WHAT TO DO: Reproduce everything from the line that contains "Einfache Aufhängung: Jede" down to the line that contains "Storm adaptér lze" in the listing below, word for word and nothing more. Leave the pictures out.

GIVEN DATA:
◆ ◆ ◆ ◆ ◆
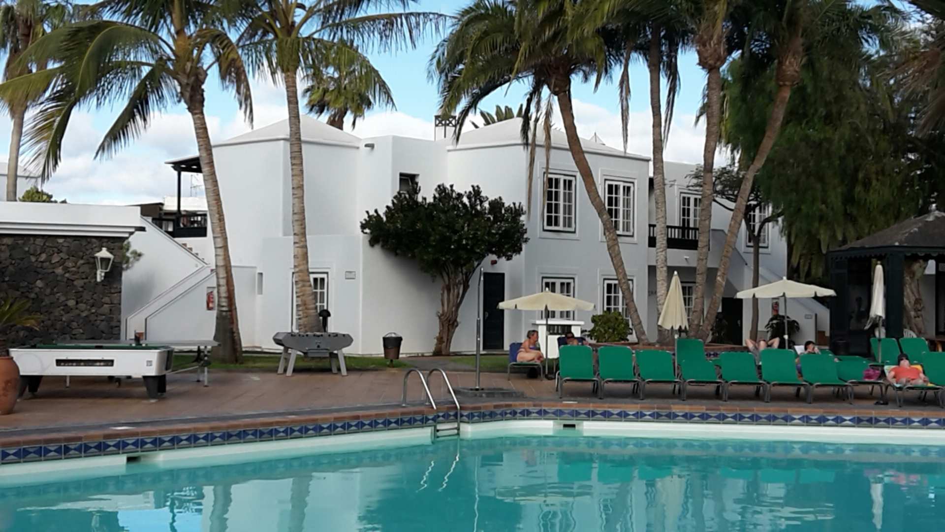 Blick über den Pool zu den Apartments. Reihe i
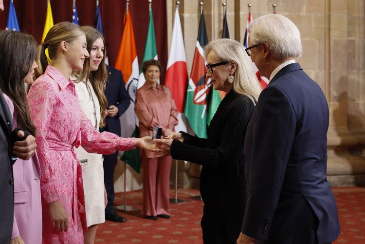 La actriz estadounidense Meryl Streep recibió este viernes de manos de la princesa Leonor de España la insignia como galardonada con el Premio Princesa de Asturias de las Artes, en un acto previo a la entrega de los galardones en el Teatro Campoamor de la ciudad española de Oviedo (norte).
◆ ◆ ◆ ◆ ◆
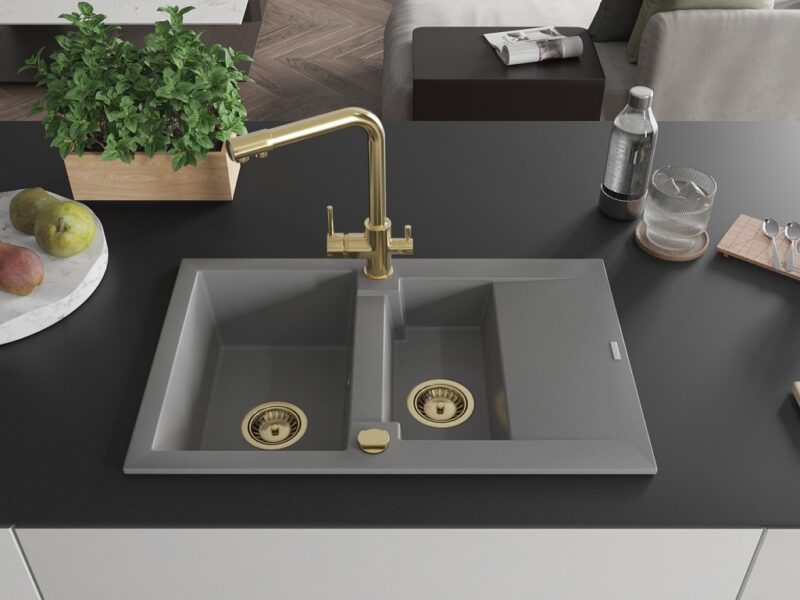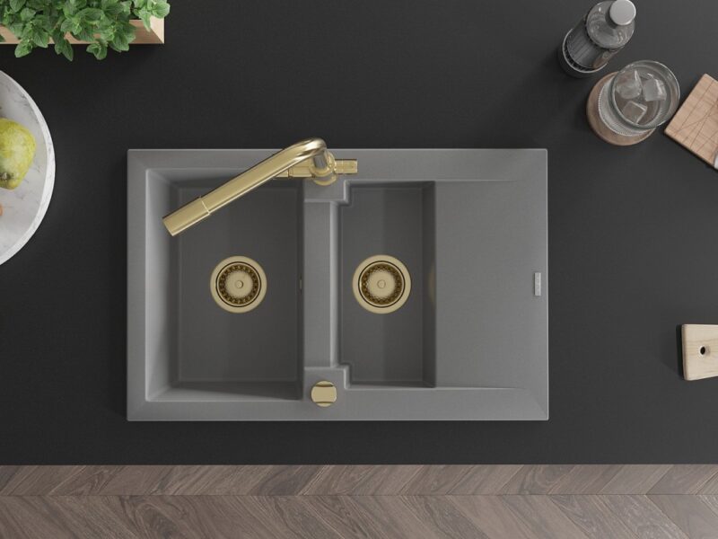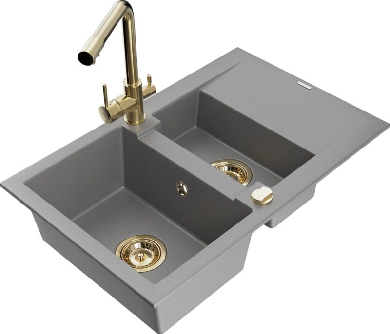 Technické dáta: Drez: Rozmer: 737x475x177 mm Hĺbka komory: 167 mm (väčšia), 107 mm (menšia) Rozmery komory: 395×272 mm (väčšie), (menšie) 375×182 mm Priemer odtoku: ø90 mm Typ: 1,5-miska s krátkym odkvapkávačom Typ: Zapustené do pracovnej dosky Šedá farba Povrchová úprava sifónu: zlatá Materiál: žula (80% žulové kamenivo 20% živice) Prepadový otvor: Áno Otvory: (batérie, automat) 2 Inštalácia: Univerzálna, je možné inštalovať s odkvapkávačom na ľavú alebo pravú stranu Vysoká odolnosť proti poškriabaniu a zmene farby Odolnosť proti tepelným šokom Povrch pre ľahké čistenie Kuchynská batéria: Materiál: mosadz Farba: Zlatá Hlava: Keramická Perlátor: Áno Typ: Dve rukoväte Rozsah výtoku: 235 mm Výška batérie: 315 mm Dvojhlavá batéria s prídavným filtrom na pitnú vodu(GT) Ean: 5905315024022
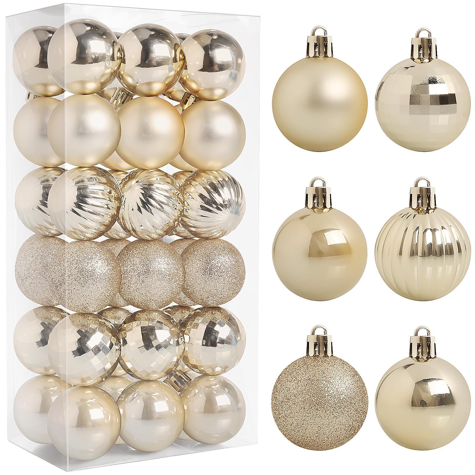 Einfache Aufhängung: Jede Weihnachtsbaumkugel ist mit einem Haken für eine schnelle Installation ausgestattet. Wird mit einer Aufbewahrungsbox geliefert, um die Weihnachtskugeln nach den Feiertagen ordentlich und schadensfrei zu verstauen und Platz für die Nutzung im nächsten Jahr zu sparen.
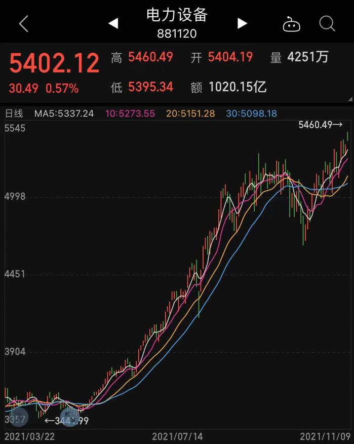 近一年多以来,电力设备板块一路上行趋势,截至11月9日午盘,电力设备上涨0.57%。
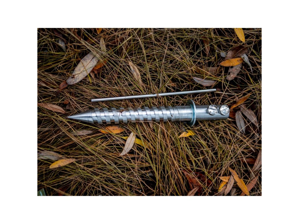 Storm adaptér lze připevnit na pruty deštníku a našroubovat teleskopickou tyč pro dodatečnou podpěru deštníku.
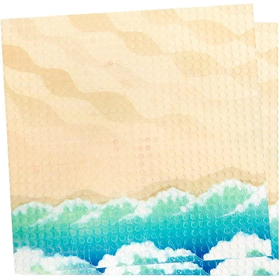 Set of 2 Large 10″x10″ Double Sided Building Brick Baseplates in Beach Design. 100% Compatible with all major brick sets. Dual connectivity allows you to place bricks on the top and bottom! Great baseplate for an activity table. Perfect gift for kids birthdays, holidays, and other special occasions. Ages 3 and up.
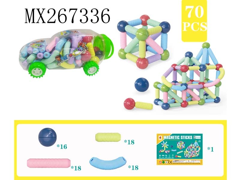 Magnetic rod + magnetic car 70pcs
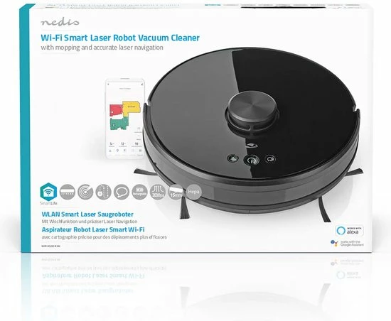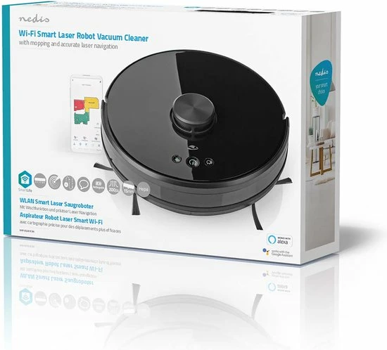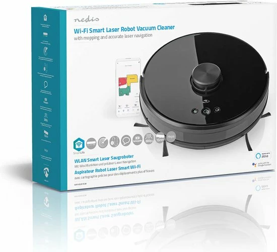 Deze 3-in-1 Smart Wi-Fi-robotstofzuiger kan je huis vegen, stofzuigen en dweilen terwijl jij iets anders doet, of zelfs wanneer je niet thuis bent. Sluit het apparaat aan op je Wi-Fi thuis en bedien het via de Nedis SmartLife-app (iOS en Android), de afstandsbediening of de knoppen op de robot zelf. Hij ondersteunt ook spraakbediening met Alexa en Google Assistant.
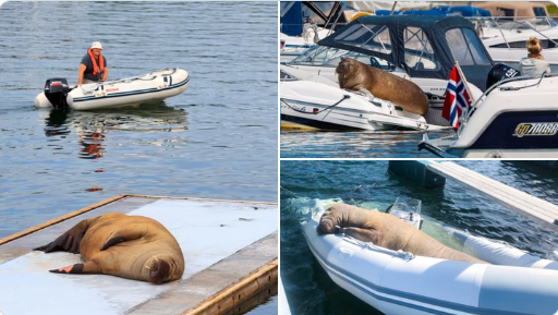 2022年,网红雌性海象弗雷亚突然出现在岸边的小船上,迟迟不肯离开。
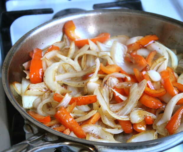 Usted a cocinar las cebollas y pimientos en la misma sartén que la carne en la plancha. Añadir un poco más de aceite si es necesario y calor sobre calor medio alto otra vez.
◆ ◆ ◆ ◆ ◆
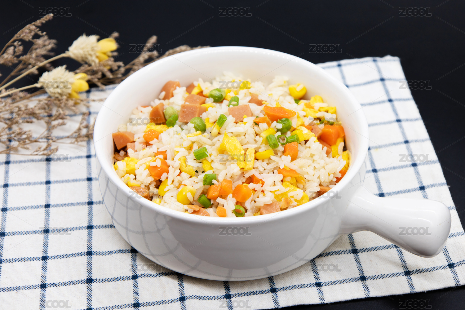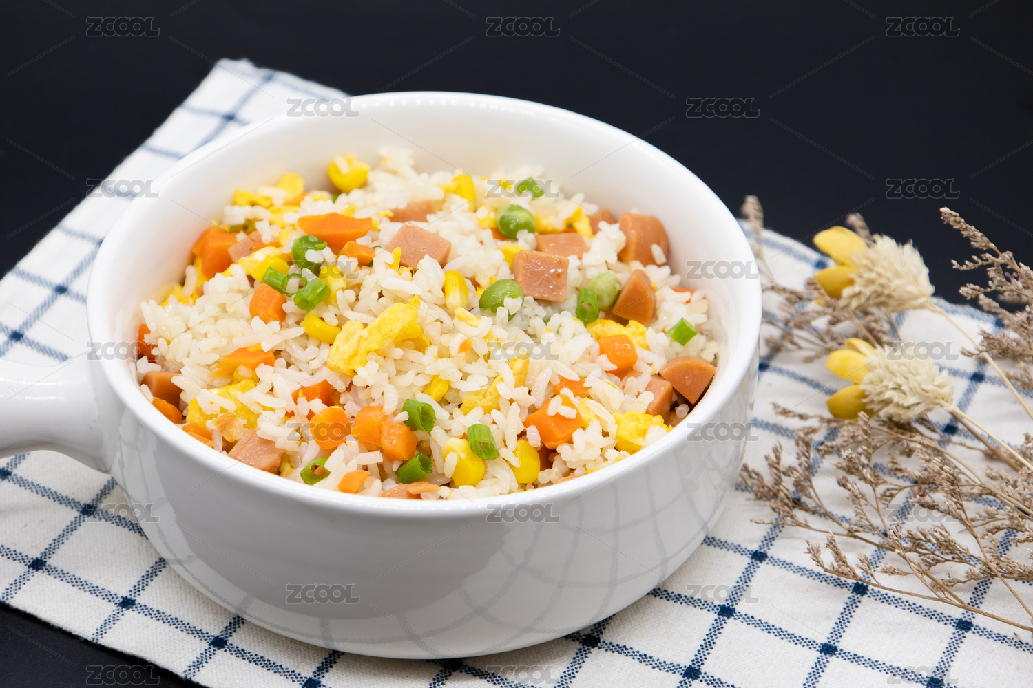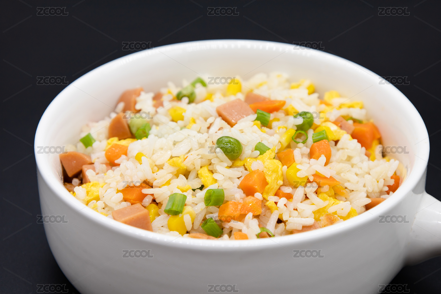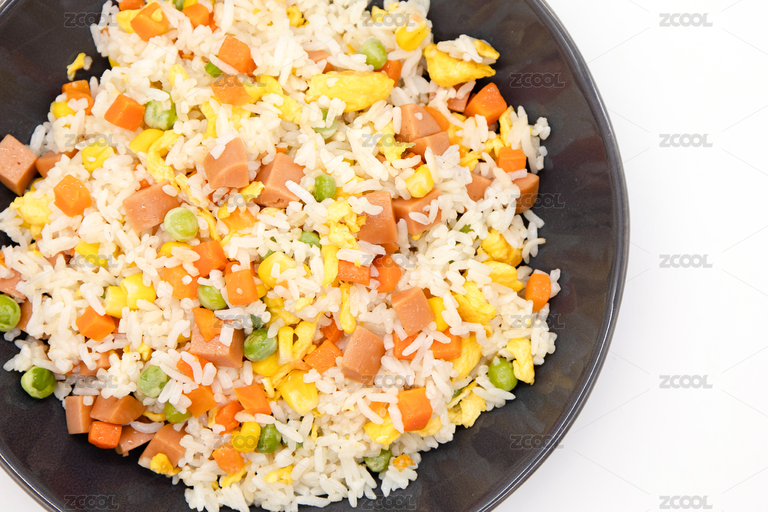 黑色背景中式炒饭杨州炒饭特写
◆ ◆ ◆ ◆ ◆
SOLUTION FOR THIS EXERCISE:
 Einfache Aufhängung: Jede Weihnachtsbaumkugel ist mit einem Haken für eine schnelle Installation ausgestattet. Wird mit einer Aufbewahrungsbox geliefert, um die Weihnachtskugeln nach den Feiertagen ordentlich und schadensfrei zu verstauen und Platz für die Nutzung im nächsten Jahr zu sparen.
 近一年多以来,电力设备板块一路上行趋势,截至11月9日午盘,电力设备上涨0.57%。
 Storm adaptér lze připevnit na pruty deštníku a našroubovat teleskopickou tyč pro dodatečnou podpěru deštníku.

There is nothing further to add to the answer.